*EXERCISE BRIEF*
From the material below, retype exactly the lines that begin at the line with "Zaraz przy działce" and end after the line with "9.34 inches in"; pictures stay out of the copy.

*SUPPLIED DATA*
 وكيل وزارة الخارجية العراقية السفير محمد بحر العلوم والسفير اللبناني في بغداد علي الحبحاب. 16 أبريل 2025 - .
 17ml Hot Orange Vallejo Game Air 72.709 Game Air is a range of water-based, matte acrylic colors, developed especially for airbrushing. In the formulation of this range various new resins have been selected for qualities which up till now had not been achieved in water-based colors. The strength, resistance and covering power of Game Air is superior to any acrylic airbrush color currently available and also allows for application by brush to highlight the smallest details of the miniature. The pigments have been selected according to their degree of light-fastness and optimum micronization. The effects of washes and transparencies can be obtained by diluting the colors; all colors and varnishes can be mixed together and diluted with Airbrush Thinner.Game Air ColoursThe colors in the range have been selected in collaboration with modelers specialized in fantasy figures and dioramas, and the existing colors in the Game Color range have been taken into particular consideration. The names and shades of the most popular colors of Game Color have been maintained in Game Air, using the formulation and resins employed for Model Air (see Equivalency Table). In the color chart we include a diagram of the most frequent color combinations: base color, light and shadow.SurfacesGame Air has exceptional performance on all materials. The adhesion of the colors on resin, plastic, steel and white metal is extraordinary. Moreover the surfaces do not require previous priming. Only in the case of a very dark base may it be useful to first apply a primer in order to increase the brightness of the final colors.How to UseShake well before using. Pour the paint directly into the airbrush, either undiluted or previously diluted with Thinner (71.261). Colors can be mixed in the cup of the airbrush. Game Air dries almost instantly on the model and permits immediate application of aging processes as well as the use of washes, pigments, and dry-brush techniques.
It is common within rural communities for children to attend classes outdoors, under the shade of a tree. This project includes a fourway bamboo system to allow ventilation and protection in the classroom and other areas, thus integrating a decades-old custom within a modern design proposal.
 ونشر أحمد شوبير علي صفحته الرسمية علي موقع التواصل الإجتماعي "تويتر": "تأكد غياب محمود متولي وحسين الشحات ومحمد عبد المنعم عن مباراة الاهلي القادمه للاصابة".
...
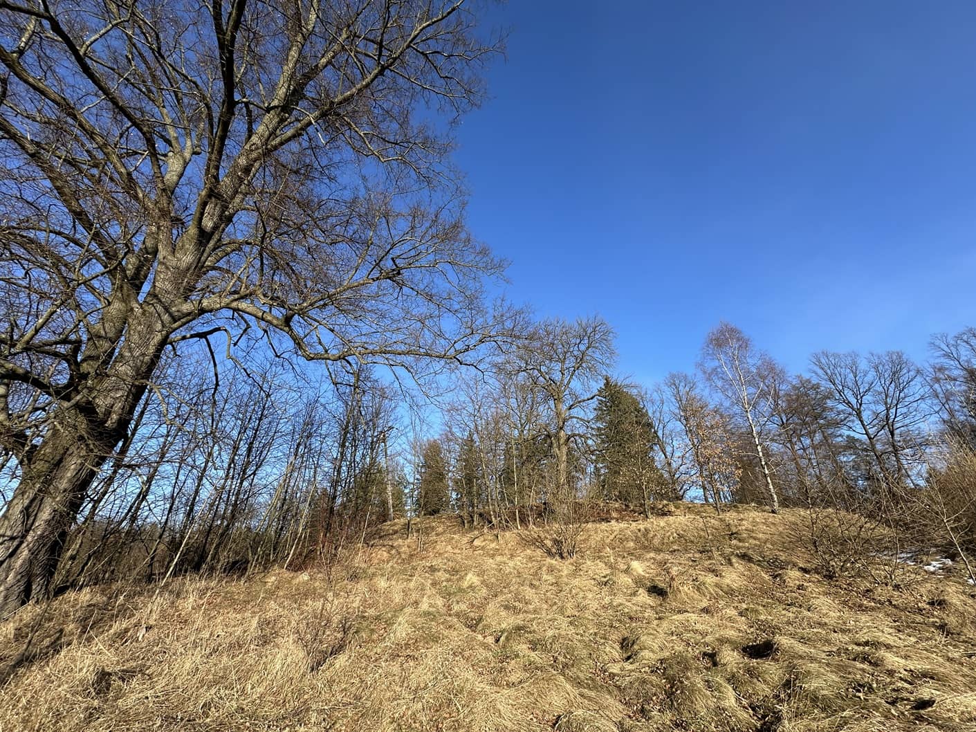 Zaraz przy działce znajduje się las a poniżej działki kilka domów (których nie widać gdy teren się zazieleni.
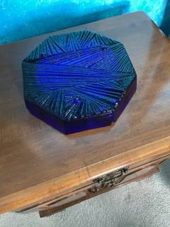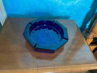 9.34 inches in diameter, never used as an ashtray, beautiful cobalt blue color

*COMPLETED EXERCISE*
 Zaraz przy działce znajduje się las a poniżej działki kilka domów (których nie widać gdy teren się zazieleni.
 9.34 inches in diameter, never used as an ashtray, beautiful cobalt blue color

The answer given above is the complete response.